I do think that a humorous element has been consistently present in Remedy games, even when we were dealing with very dark horror stories. Something very exciting that draws me to videogames as a storytelling medium is that we face these different emotions in our everyday world all the time. There is humor present in our life every day. There are tragedies and dark things present, which all kind of meld together and form our lives. Creating these deep video game worlds, it’s not just like in a movie, where you have less than two hours, and you need to be strict about what’s included and what isn’t; a video game can contain a lot of different components coming together over a longer period of time to create a more recognizable, familiar setting.
( FP ) Quantum Break was chock full of interesting optional collectibles for players to discover and read, but their length often felt at odds with the pacing of the action. How did you solve this issue in Control?
( SL ) I very much agree. It’s about finding the proper length for individual elements. I think that the writers on Quantum Break are all really great writers and very talented.
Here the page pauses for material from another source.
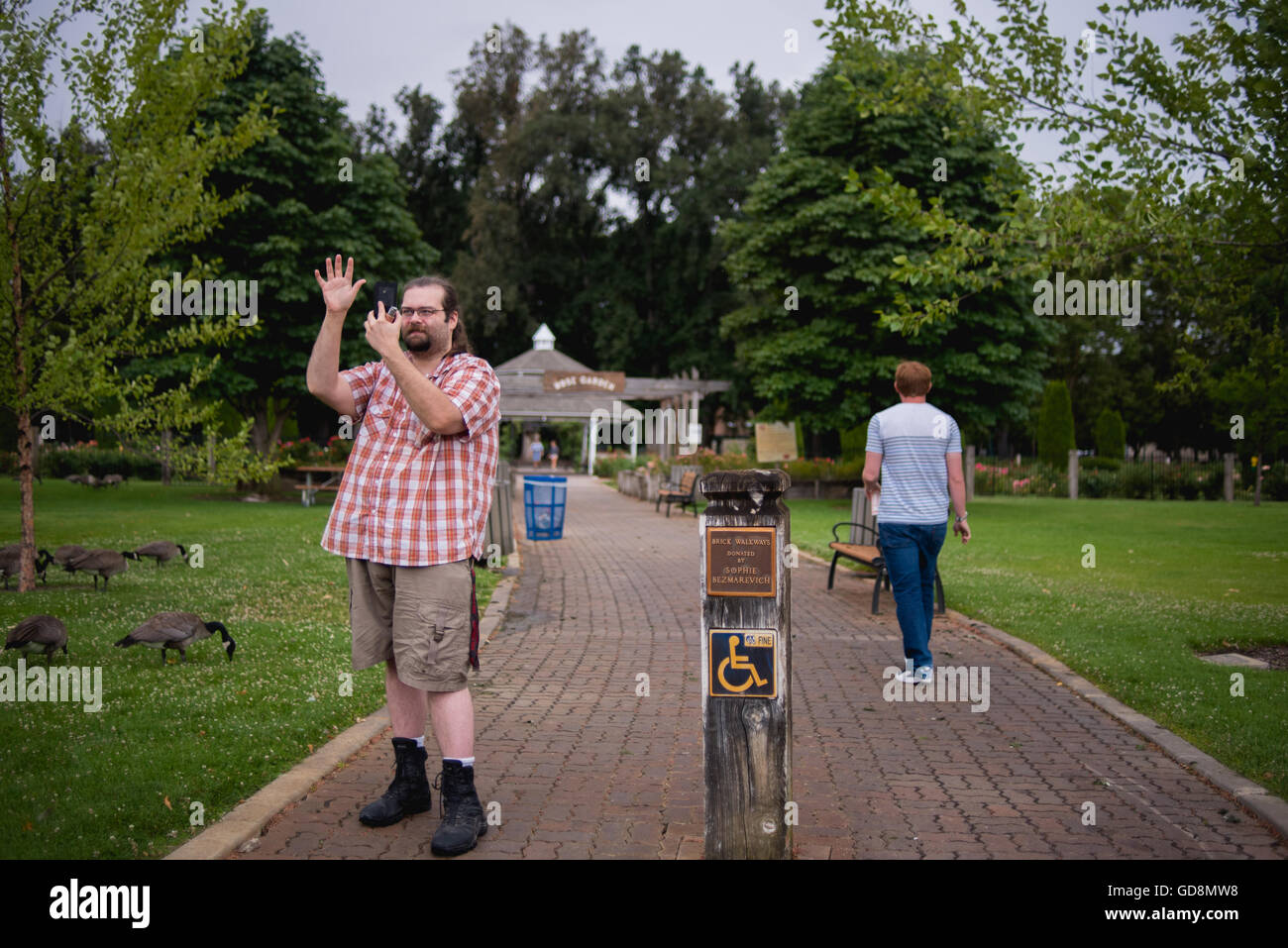 Two men move through Julia Davis Park playing Pokemon Go Stock Photo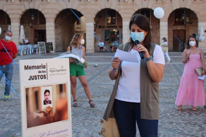 La líder regional ha anunciado que este año, como novedad, y en coordinación con Nuevas Generaciones de España, se presentarán mociones en los distintos ayuntamientos de Castilla-La Mancha solicitando que «se defienda la memoria, dignidad y justicia de todas las víctimas del terrorismo que, en la actualidad, siguen sufriendo el acoso y la coacción de los grupos radicales separatistas; concienciar y dar a conocer a las nuevas generaciones los episodios tan sanguinarios y de lesa humanidad que sufrieron los españoles durante décadas a manos de los terroristas; y denominar a una de las calles del término municipal de cada municipio, como homenaje a todas las víctimas del terrorismo, bajo el epígrafe ‘Miguel Ángel Blanco’ en recuerdo de aquel Espíritu de Ermua que supuso el principio del final de ETA».

Quantum Break has complicated lore, and there were so many ideas we wanted to put into the game, but obviously, it’s a very tight, linear story. A lot of players hate to miss things, and there’s a fear of missing something important. We failed at communicating what’s optional in Quantum Break—sometimes, there was a very relevant thing hidden somewhere.
( FP ) Like Time Stabber…
( SL ) Yeah, which was a great success. That was written by Tyler Smith, who these days is in Hollywood, writing for movies and television. It was a learning process. We had way too much reading for such a tightly controlled experience, and it affected the pacing. If you stop at every computer and spend tons of time reading emails, that becomes the whole experience. This was one of the exciting things about the idea of creating a larger, somewhat more open world where you are not strictly on rails: you are supposed to be exploring and discovering.
It became more about making sure that we are rewarding those who want to explore and find those things. It’s a curious thing psychologically that when you’re forcing information on the player, such as in the form of a cutscene or lengthy dialogue, they might reject it and press the “Skip” button, which of course you need to give to the player these days. And when they do that even once, you have lost them. Then they are gone. The philosophy in Control was to give players fragmented information and too little of it so that suddenly they’re dealing with this unresolved mystery, and they want to learn more.
It’s a really interesting flip that happens, from wanting to skip cutscenes to wanting to find and dig into things. When that happens psychologically, you—the player—are driving the experience; you want more, and you want to find it. Suddenly, all that information becomes much more rewarding.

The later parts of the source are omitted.